File changed but ostruct uses old version?

The cache detects file changes via size and modification time. If a file genuinely changed, it will be re-uploaded automatically.

Disable cache temporarily:

ostruct run template.j2 schema.json --no-cache-uploads

Technical Details

  • Hash Algorithm: SHA-256 by default (configurable)

  • Database: SQLite with WAL mode for concurrency

  • File Validation: Size and mtime checking to detect changes

  • TTL Management: Automatic cleanup based on file age (14-day default)

  • LRU Behavior: Last-accessed timestamps for intelligent cleanup

  • Error Handling: Graceful degradation when cache unavailable

  • 404 Recovery: Automatic cache cleanup when files are manually deleted

Security Considerations

  • Cache files are stored with user-only permissions on Unix systems

  • File content hashes are computed locally, not sent to OpenAI

  • Cache database contains only hashes and OpenAI file IDs, not file content

  • No sensitive data is stored in the cache beyond what’s already sent to OpenAI

Integration with Tools

The upload cache works seamlessly with all ostruct tools:

Code Interpreter:

# First run uploads
ostruct run analysis.j2 schema.json --file ci:data dataset.csv

# Second run reuses cached file
ostruct run different.j2 schema.json --file ci:analysis dataset.csv

File Search:

# Cache works across different vector stores
ostruct run search1.j2 schema.json --file fs:docs manual.pdf
ostruct run search2.j2 schema.json --file fs:knowledge manual.pdf

Multi-tool routing:

# Upload once, use in both tools
ostruct run multi.j2 schema.json --file ci,fs:shared data.json

Error Handling

The upload cache system includes comprehensive error handling that validates files before cache operations.

File Validation Before Caching

All file operations validate existence and accessibility before interacting with the cache:

  • File existence: Validates that files exist before attempting upload or cache lookup

  • Permission checks: Ensures files are readable before processing

  • Symlink validation: Checks that symlinks point to valid targets

  • Directory validation: Confirms directories exist and are accessible

Error Behavior:

  • File validation errors use exit code 9 (FILE_ERROR)

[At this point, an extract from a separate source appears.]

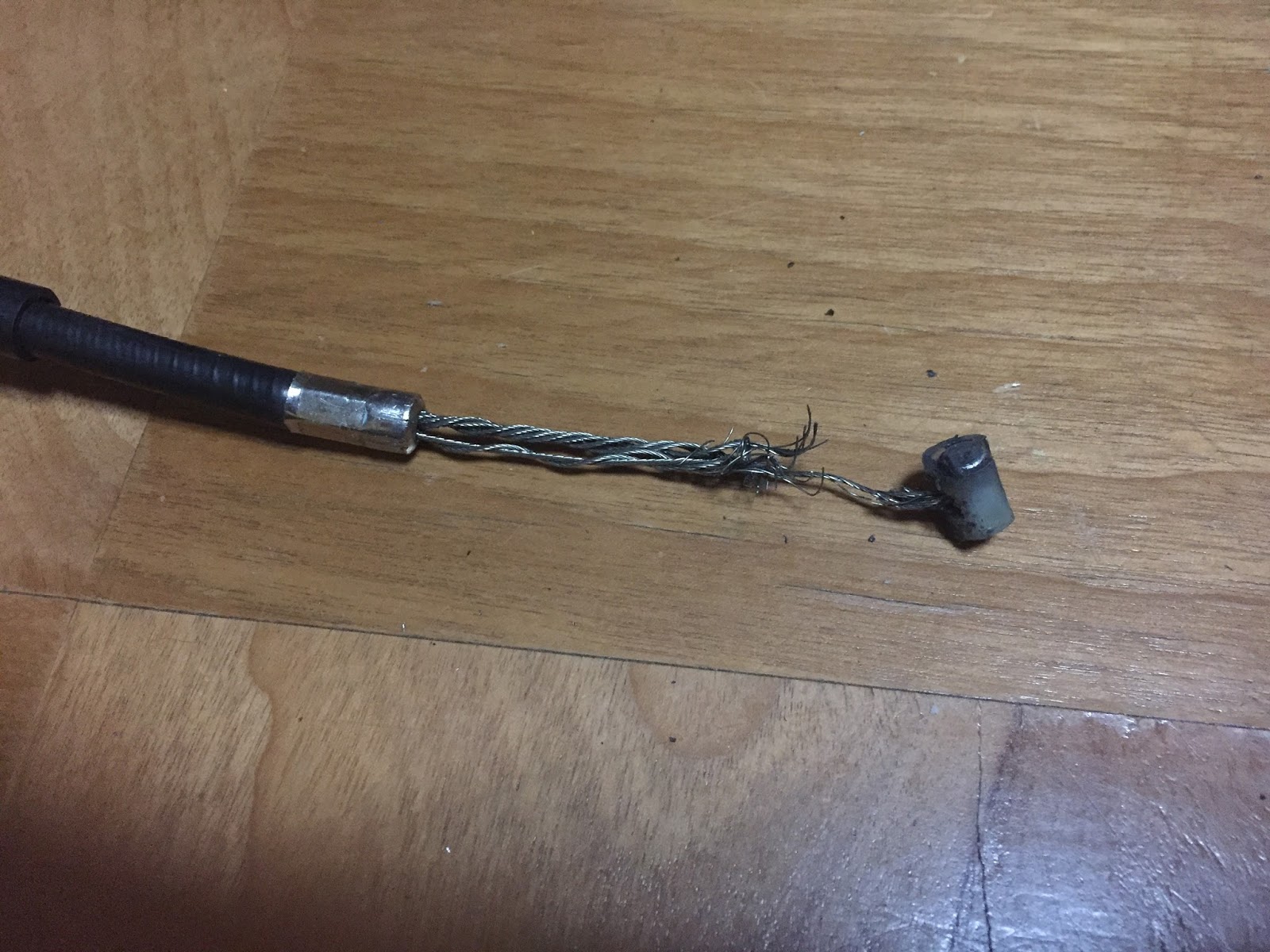 山の中で2度、クラッチが切りにく状況があったのですが、その都度調整でしのいでいました。単純にケーブルの伸びか緩みくらいに思っていたのですが、切れ掛かっていたのを見てホッとしました。

  • Validation happens before cache lookup to prevent inconsistent state

  • Cache remains clean - invalid files never create cache entries

Example Error Cases:

# File validation prevents cache corruption
ostruct files upload --file missing.txt
# Error: File not found: missing.txt (Exit code 9)
# Cache remains unchanged

# Broken symlinks are detected early
ostruct files upload --file broken_link.txt
# Error: Broken symlink: broken_link.txt -> /nonexistent/target
# No cache entry created

Cache Consistency

The validation-first approach ensures cache consistency:

  • No orphaned entries: Invalid files never create cache records

  • Reliable lookups: Cache hits always correspond to accessible files

  • Clean state: Failed operations don’t leave partial cache data

Integration with File Commands:

The ostruct files commands use the same validation logic as ostruct run, ensuring consistent behavior across all file operations.